▼▼▼

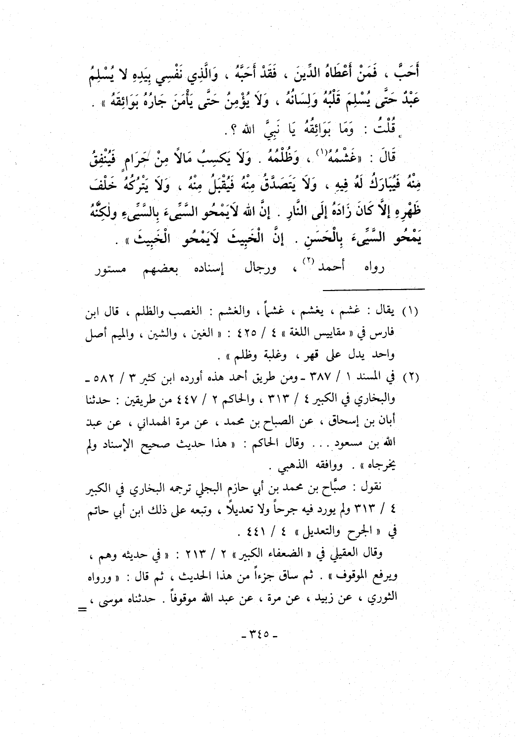 أَحَبَّ، فَمَنْ أَعْطَاهُ الدِّينَ، فَقَدْ أَحَبَّهُ، وَالَّذِي نَفْسِي بِيَدِهِ لا يُسْلِمُ عَبْدٌ حَتَّى يُسْلِمَ قَلْبُهُ وَلِسَانُهُ، وَلاَ يُؤْمِن حَتَّى يَأْمَنَ جَارُهُ بَوَائِقَهُ".
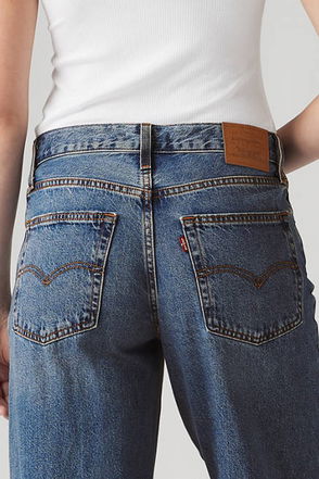 Wear, wash, repeat. Baggy fit Mid rise Belt loops Five pockets Mid-blue wash jeans Designed to be cropped Please buy 2 inches shorter than your usual size.
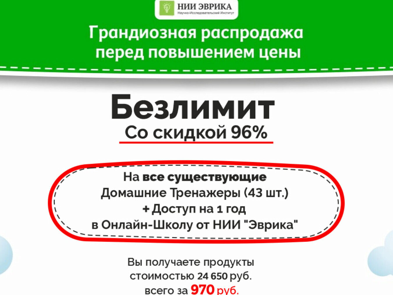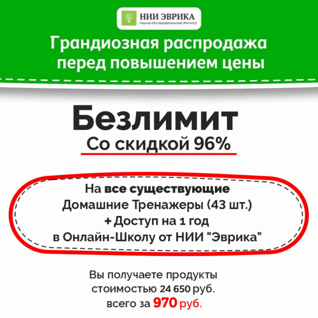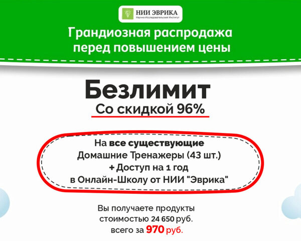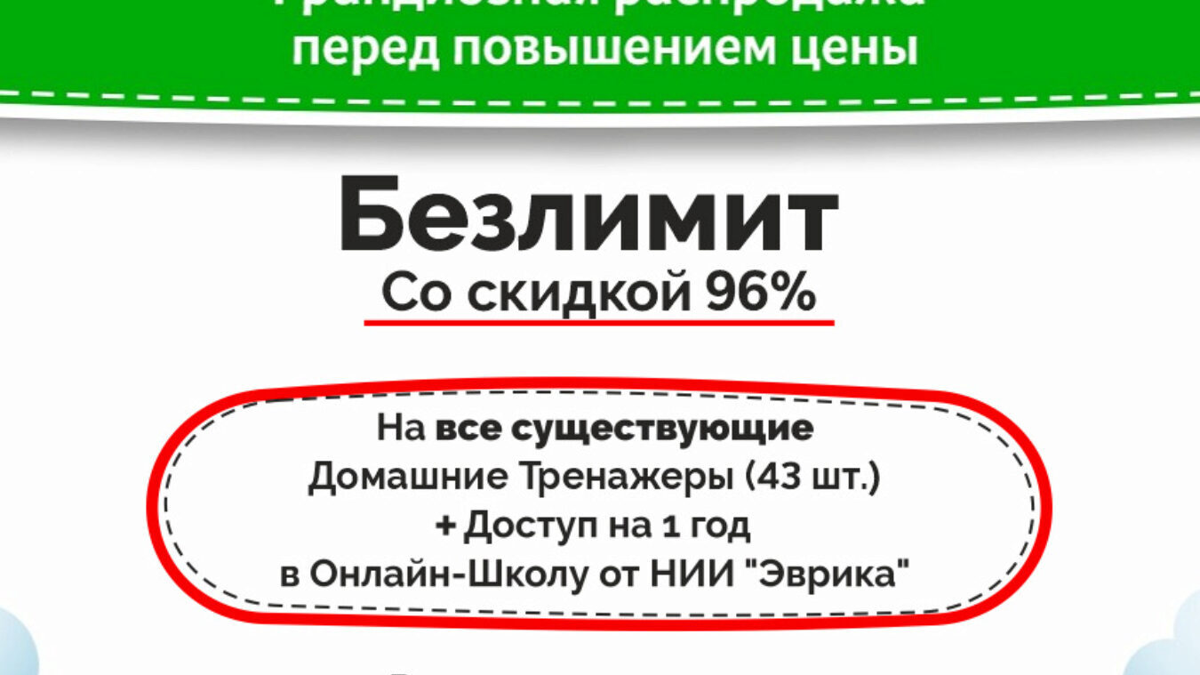 Почему курс [НИИ эврика] Безлимит на все Домашние Тренажеры стоит всего 1110 ₽?
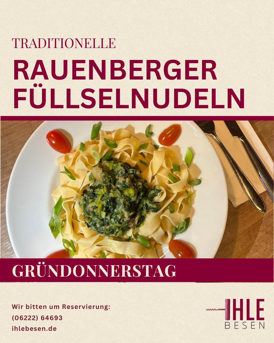Gründonnerstag 2. April: traditonelles Fastenessen – Rauenberger Füllselnudel im Ihle Besen – ab 17:00 Uhr geöffnet

▲▲▲

Problem statement:
Return all of the material precisely as written. No picture belongs in it.

Reply:
 أَحَبَّ، فَمَنْ أَعْطَاهُ الدِّينَ، فَقَدْ أَحَبَّهُ، وَالَّذِي نَفْسِي بِيَدِهِ لا يُسْلِمُ عَبْدٌ حَتَّى يُسْلِمَ قَلْبُهُ وَلِسَانُهُ، وَلاَ يُؤْمِن حَتَّى يَأْمَنَ جَارُهُ بَوَائِقَهُ".
 Wear, wash, repeat. Baggy fit Mid rise Belt loops Five pockets Mid-blue wash jeans Designed to be cropped Please buy 2 inches shorter than your usual size.
 Почему курс [НИИ эврика] Безлимит на все Домашние Тренажеры стоит всего 1110 ₽?
Gründonnerstag 2. April: traditonelles Fastenessen – Rauenberger Füllselnudel im Ihle Besen – ab 17:00 Uhr geöffnet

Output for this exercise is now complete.